Chinese mitten crabs are medium-sized crabs named for their hairy, mitten-like claws. They have a smooth, round carapace (top shell) that is a maximum of 3 inches wide. Their legs are generally twice as long as the carapace is wide. Chinese mitten crabs can also be distinguished by the notch between their eyes and the four lateral spines found on each side of the carapace. They vary in color from brownish-orange to greenish-brown. Juveniles have the same features as adults, however crabs less than ¾ inch may have no or minimal hair, but hair is present by the time the carapace is 1 inch wide. See an identification photo from the Smithsonian's Mitten Crab Watch.
Chinese mitten crabs were first found in California in the San Francisco Bay in 1992, and by 1996 had migrated upstream to the Sacramento-San Joaquin Delta. By 1998, the crabs had traveled into the watershed as far north as Colusa County and as far south as Merced County. Chinese mitten crabs are believed to have experienced a bust after their population boom in the San Francisco Bay Delta watershed in the late 1990s, as they are rarely collected in the watershed today. Chinese mitten crabs were discovered in Chesapeake Bay (Maryland) in 2005 and Delaware Bay in 2007. Also in 2007, they were found in the Hudson River (New York) and have since been found as far inland as Albany. They have been collected in the Gulf Coast, Canada, and the Great Lakes, but populations have not successfully established. However, they are established in numerous European countries.See a distribution map from the US Geological Survey.
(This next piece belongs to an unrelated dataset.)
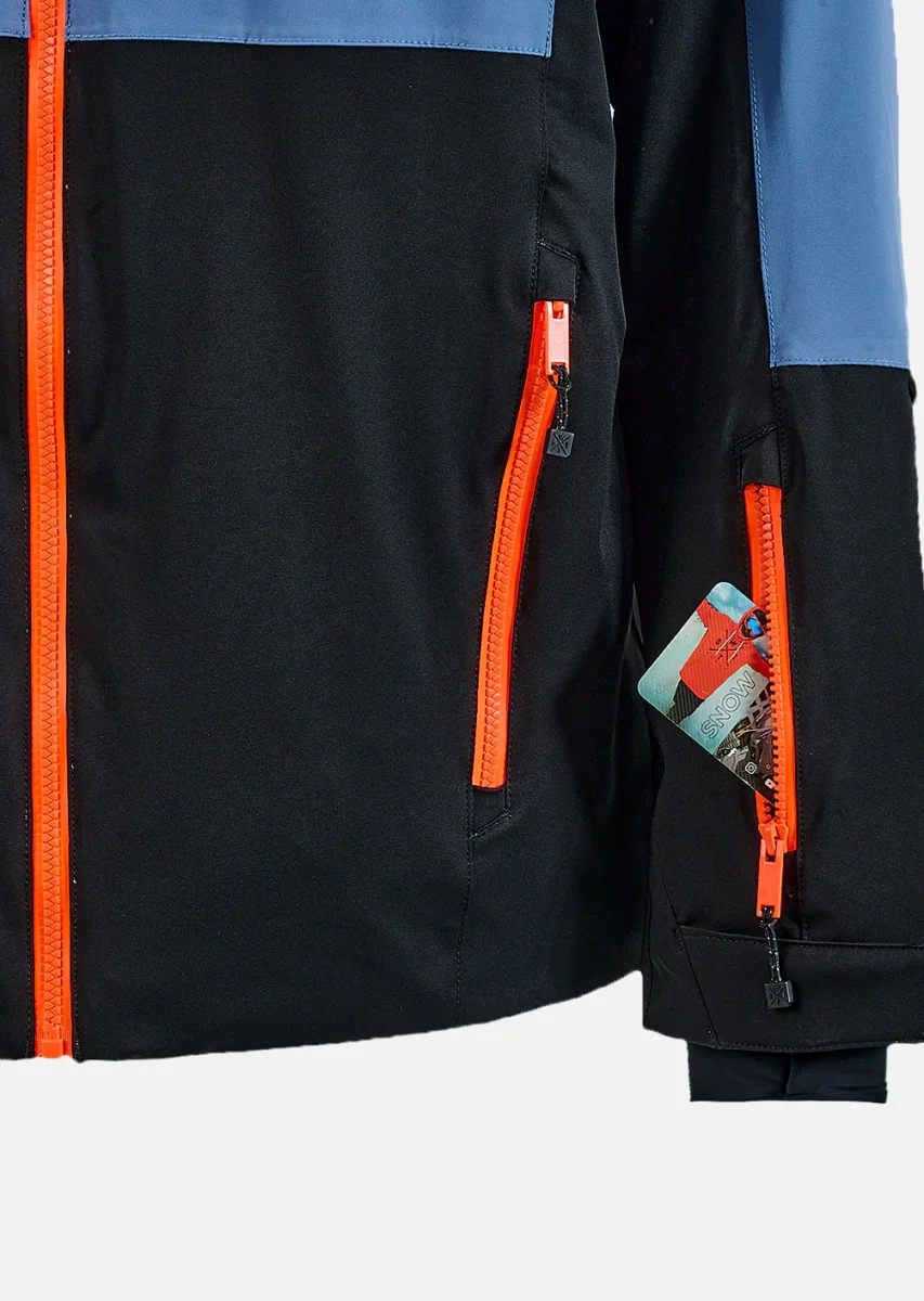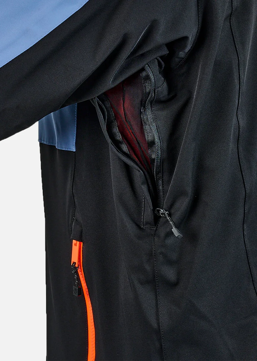 Avec ses contrastes visuels bleu gris et noir charbon -le tout réhaussé par un orange vif – la veste s’impose aussi comme une pièce forte, stylée sans excès, au design structuré et intemporel.

Chinese mitten crabs are catadromous, meaning they live in freshwater, but require saltwater to successfully reproduce. They are common in estuaries, intertidal areas, marshes, rice fields, lakes, rivers, and creeks. Adult Chinese mitten crabs utilize fresh, brackish, and saltwater habitats, constructing burrows in river banks and levees, intertidal areas, and marsh bottoms. The highest concentrations of adults are found in saltwater when the females are laying eggs. Newly hatched, Chinese mitten crab larvae can be found “swimming” in the open saltwater of bays and estuaries. Juveniles (fully molted and no longer “swimming”) can be found in brackish and freshwater habitats within a few miles upstream of open water.
Chinese mitten crabs are native to China’s and South Korea’s coastal rivers and estuaries that drain to the Yellow Sea. In Europe and California, Chinese mitten crabs are believed to have been introduced via ship ballast water and, possibly, intentionally released to establish fisheries. Additional pathways for Chinese mitten crab introduction to new areas include the aquarium and live seafood trades. Once introduced, mitten crabs are able to spread through a watershed by dispersal of larvae in the water column. Outside of the United States, they have been imported and/or transported as bait for fishing, food for cattle and chicken, fertilizer for agriculture, and material for the production of cosmetics. Chinese mitten crabs are on California’s list of restricted animals and cannot be imported, transported, or possessed without a permit.
The burrowing activities of Chinese mitten crabs cause damage to dikes, levees, and stream banks and increase erosion, which can cause weakening or collapse of flood control and water supply systems. In California, Chinese mitten crabs have interfered with water operations at diversion facilities by clogging fish salvage structures (approximately 750,000 crabs were captured in the facilities in 1998). Additionally, Chinese mitten crabs steal bait from recreational anglers, damage commercial fishing nets, compete with native and commercially important species for food (especially crayfish), prey upon native species (including fish eggs), damage rice crops by excessively burrowing and foraging, and may transfer diseases and parasites to native species (in Asia they are host for the human lung fluke).